═════ Supplied material

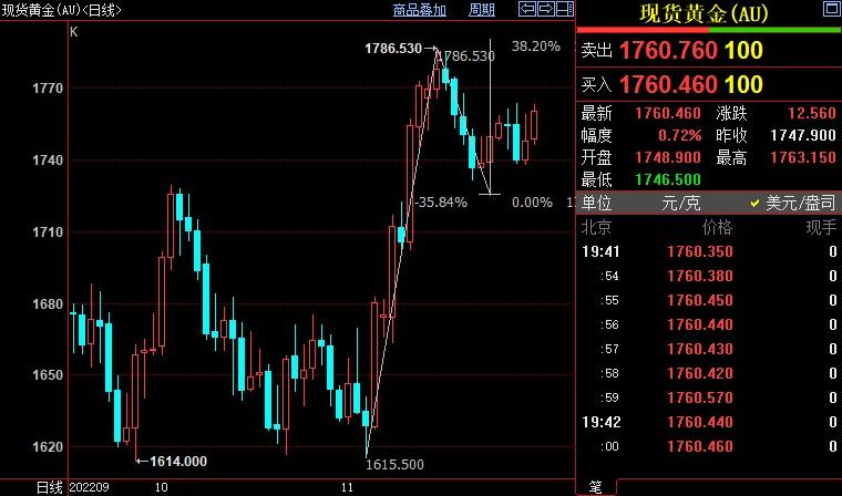 现货黄金上涨0.74%至1762.65美元/盎司;COMEX期金主力合约上涨0.75%至1776.9美元/盎司;
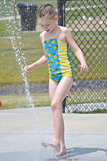 My kids are water babies and are always playing with water. It drives me nuts! But I do get to make them swimsuits and I'm pretty sure that out of everything I make them, swimsuits are the most beloved and worn. And that's saying something.
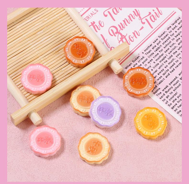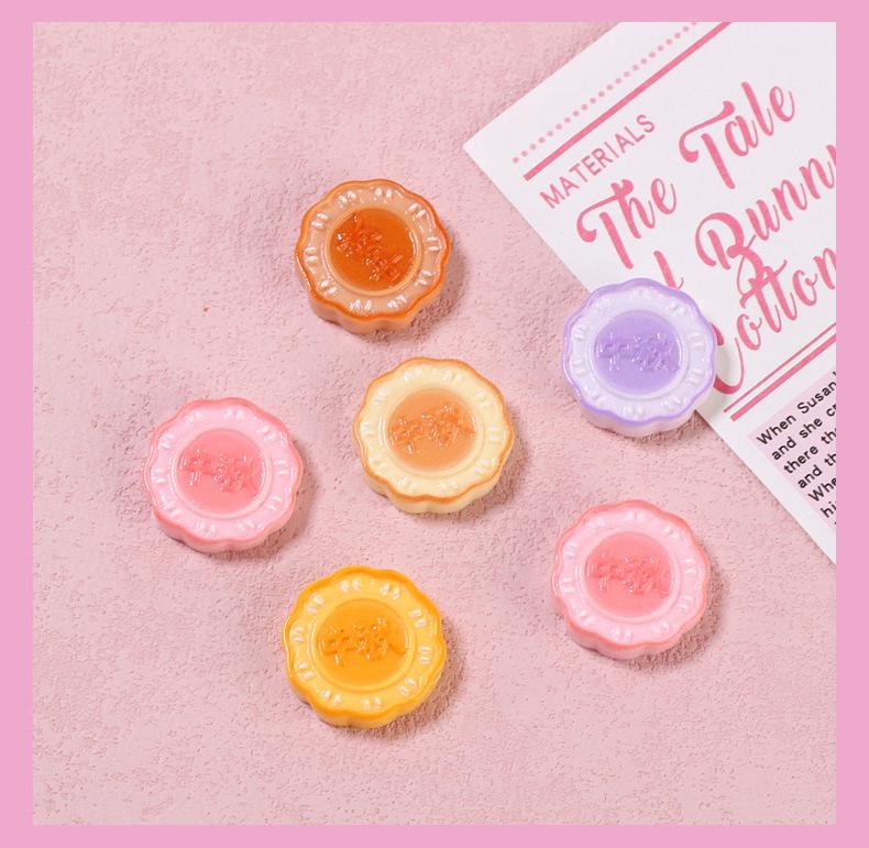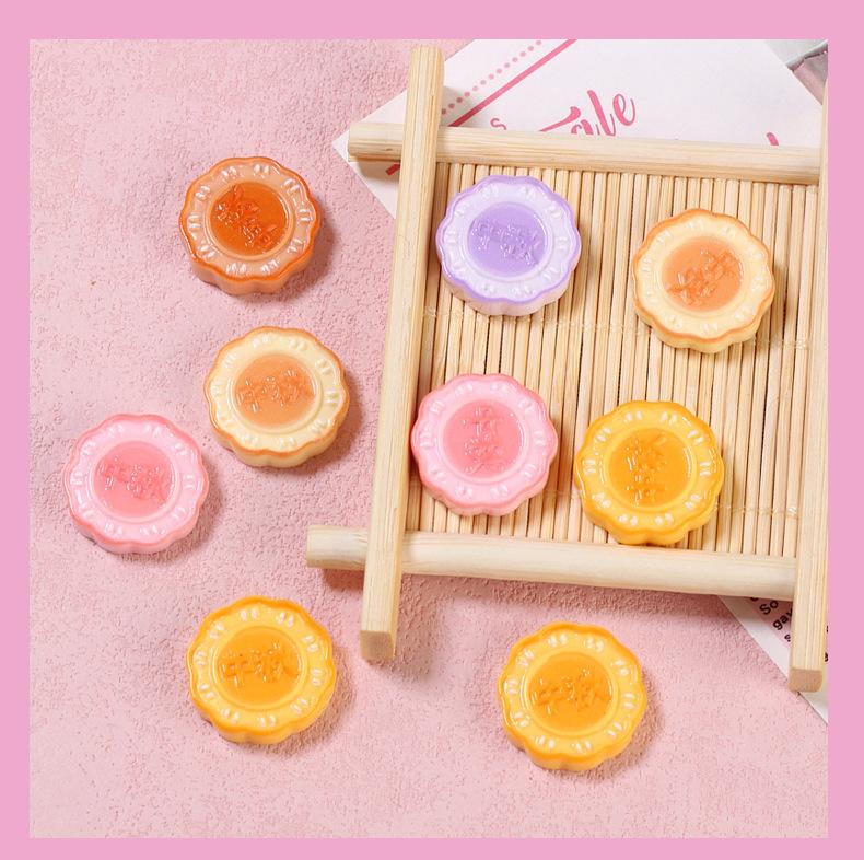 Acessórios de resina feitos à mão DIY Buraco Sapatos Fivela Grampo de cabelo Creme Cola Jóias Desenho animado Festival do meio do outono Reunião Bolo da lua Comida Brincar

══════════

* [Task to carry out]: Exclude every picture and copy the remaining data exactly.

* [Exercise solution]:
 现货黄金上涨0.74%至1762.65美元/盎司;COMEX期金主力合约上涨0.75%至1776.9美元/盎司;
 My kids are water babies and are always playing with water. It drives me nuts! But I do get to make them swimsuits and I'm pretty sure that out of everything I make them, swimsuits are the most beloved and worn. And that's saying something.
 Acessórios de resina feitos à mão DIY Buraco Sapatos Fivela Grampo de cabelo Creme Cola Jóias Desenho animado Festival do meio do outono Reunião Bolo da lua Comida Brincar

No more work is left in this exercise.